We're in the money---NOT!!!


----------



## MoneyGal (Apr 24, 2009)

If you can't stand the heat...

Back to geographical diversity. In my office, we are doing some research on TSX60 companies. One company which is TSX listed has 8 Canadian employees, no operations in Canada, and 7,000 employees...in Finland and Africa.


----------



## kcowan (Jul 1, 2010)

MoneyGal said:


> One company which is TSX listed has 8 Canadian employees, no operations in Canada, and 7,000 employees...in Finland and Africa.


But is it many of the ETFs?


----------



## HaroldCrump (Jun 10, 2009)

MoneyGal said:


> Back to geographical diversity. In my office, we are doing some research on TSX60 companies. One company which is TSX listed has 8 Canadian employees, no operations in Canada, and 7,000 employees...in Finland and Africa.

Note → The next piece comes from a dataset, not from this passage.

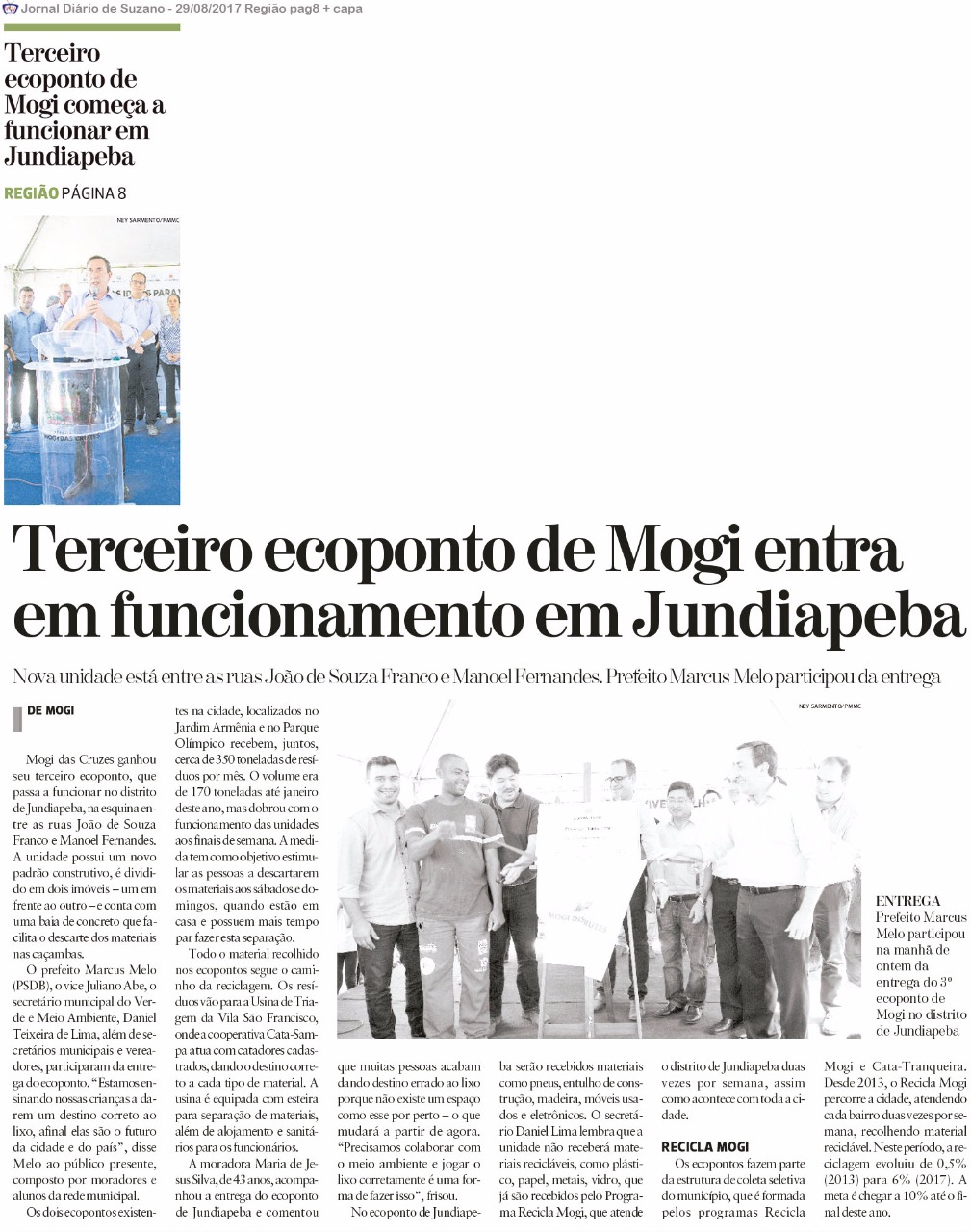 Prefeito e Juliano inauguram Ecoponto de Jundiapeba.

Now you got my attention....care to share the name?


----------



## MoneyGal (Apr 24, 2009)

Sure. It's First Quantum. 

(Don't quote me on the specific number of employees - I'm sure the 7,000 is rounded and the Canadian employee base might be 9 people. The research associate in my office is putting together this project - I was just chatting with her over coffee; and she isn't in today.)


----------



## humble_pie (Jun 7, 2009)

can't stress enough the important points re geographical diversity brought out by harold & moneygal. A TSX listing is meaningless. Company can be carrying out operations anywhere on the planet.

occasionally i've been mildly interested in one or two of these profiles, enough to buy some shares. I find the companies difficult to follow, in that there's no local news and the culture of the company including its language is often opaque & hard to grasp. Therefore i tend to avoid them.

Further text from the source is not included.